UPDATE: Perez wins the election.

Today in Atlanta, the Democratic party will vote for a new party chair to replace the neoliberal party hack Donna Brazile who replaced another neoliberal party hack Debbie Wasserman-Schultz. Glenn Greenwald addresses the question why Barack Obama and Hillary Clinton urged Tom Perez to challenge Keith Ellison to run for the chair of the Democratic National Committee even though both share broadly similar political positions. He points to a long article by Clio Chang in The New Republic that says that these two neoliberals want to prevent the Bernie Sanders wing of the party from taking control of the party organization.


As Chang says:

As Jeff Stein points out at Vox, Sanders supporters are likely overstating the power of the DNC chair. But that is all the more reason to throw them a win. If an Ellison victory is a modest, symbolic concession, the upside is that Democrats will signal to progressive and younger voters, who Democrats will be desperate to turn out in 2018 and 2020, that they are on their side. It would be a choice of utmost pragmatism.

But members of the Democratic establishment don’t quite see it that way. The Hill reports, “Perez supporters have expressed concern about handing the party over to the Sanders wing of the party, arguing that Ellison would move the party too far to the left.” And the New York Times suggests that Democratic leaders pushed Perez to run because they viewed Ellison as too close to the Sanders wing.

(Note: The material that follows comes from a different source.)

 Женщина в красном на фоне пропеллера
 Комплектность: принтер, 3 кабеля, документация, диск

It appears that the underlying reason some Democrats prefer Perez over Ellison has nothing to do with ideology, but rather his loyalty to the Obama wing. As the head of the DNC, Perez would allow that wing to retain more control, even if Obama-ites are loath to admit it. Sanders has been accused of re-litigating the primary in his criticisms of Perez, but the fact that Perez was pushed to run, while Ellison was quickly and easily unifying the left and center, seems like the move most predicated on primary scars.

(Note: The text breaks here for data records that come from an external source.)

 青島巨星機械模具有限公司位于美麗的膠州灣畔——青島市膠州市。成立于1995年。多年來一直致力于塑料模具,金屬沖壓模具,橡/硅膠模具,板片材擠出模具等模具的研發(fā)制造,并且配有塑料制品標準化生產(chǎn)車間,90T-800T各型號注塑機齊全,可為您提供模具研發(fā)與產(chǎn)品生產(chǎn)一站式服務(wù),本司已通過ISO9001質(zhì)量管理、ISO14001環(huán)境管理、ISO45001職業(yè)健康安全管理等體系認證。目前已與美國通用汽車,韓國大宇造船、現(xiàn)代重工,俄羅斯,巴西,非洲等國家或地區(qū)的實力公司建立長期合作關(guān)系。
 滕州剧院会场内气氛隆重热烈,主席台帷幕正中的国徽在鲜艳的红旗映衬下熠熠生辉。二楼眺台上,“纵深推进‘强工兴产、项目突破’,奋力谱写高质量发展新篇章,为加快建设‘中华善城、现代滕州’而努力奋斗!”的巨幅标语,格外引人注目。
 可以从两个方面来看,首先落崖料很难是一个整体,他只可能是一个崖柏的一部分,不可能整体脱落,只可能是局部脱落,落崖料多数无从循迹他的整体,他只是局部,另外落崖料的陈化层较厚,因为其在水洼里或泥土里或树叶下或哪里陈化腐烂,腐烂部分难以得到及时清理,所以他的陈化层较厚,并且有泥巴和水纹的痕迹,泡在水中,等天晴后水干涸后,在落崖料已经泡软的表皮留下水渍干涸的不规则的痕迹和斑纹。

Greenwald adds this about this proxy fight.

In other words, Perez, despite his progressive credentials, is viewed – with good reason – as a reliable functionary and trustworthy loyalist by those who have controlled the party and run it into the ground, whereas Ellison is viewed as an outsider who may not be as controllable and, worse, may lead the Sanders contingent to perceive that they have been integrated into and empowered within the party.

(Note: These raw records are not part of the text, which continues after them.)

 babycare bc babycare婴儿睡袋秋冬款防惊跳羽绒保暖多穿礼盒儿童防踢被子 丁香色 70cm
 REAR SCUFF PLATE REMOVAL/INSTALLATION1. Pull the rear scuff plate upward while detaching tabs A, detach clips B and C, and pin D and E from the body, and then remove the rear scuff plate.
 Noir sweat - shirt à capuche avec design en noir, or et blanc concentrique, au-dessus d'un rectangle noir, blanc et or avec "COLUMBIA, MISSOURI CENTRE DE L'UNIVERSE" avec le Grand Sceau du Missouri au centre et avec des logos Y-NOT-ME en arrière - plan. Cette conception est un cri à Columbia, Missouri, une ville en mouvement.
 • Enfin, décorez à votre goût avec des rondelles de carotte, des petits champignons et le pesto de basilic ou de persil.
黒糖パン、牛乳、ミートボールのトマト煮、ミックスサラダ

But there’s an uglier and more tawdry aspect to this. Just over two weeks after Ellison announced, the largest single funder of both the Democratic Party and the Clinton campaign – the Israeli-American billionaire Haim Saban – launched an incredibly ugly attack on Ellison, designed to signal his veto. “He is clearly an anti-Semite and anti-Israel individual,” pronounced Saban about the African-American Muslim Congressman, adding: “Keith Ellison would be a disaster for the relationship between the Jewish community and the Democratic Party.”

Saban has a long history not only of fanatical support for Israel – “I’m a one-issue guy, and my issue is Israel,” he told The New York Times in 2004 about himself – but also an ugly track record of animus toward Muslims. As The Forward gently put it, he is prone to “a bit of anti-Muslim bigotry,” including when he said Muslims deserve “more scrutiny,” and “also called for profiling and broader surveillance.” In 2014, he teamed up with right-wing billionaire Sheldon Adelson to push a pro-Israel agenda. In that notorious NYT profile, he attacked the ACLU for opposing Bush/Cheney civil liberties assaults and said: “On the issues of security and terrorism I am a total hawk.”

There’s no evidence that Saban’s attack on Ellison is what motivated the White House to recruit an opponent. But one would have to be indescribably naïve about the ways of Washington to believe that such a vicious denunciation by one of the party’s most influential billionaire funders had no effect at all. The DNC headquarters was built with Saban’s largesse: he donated $7 million to build that building, and previously served as chairman of the Party’s capital-expenditure campaign.

So when we say, correctly, that the Republican party is beholden to the wealthy, we should remember that the current ruling segment of the Democratic party is equally beholden. They just have different billionaires to please.

This is why the control of the Democratic party has to be wrested away from the Obama-Clinton neoliberal faction that has run the party into the ground by making it Republican-lite, and put in the hands of the Sanders faction.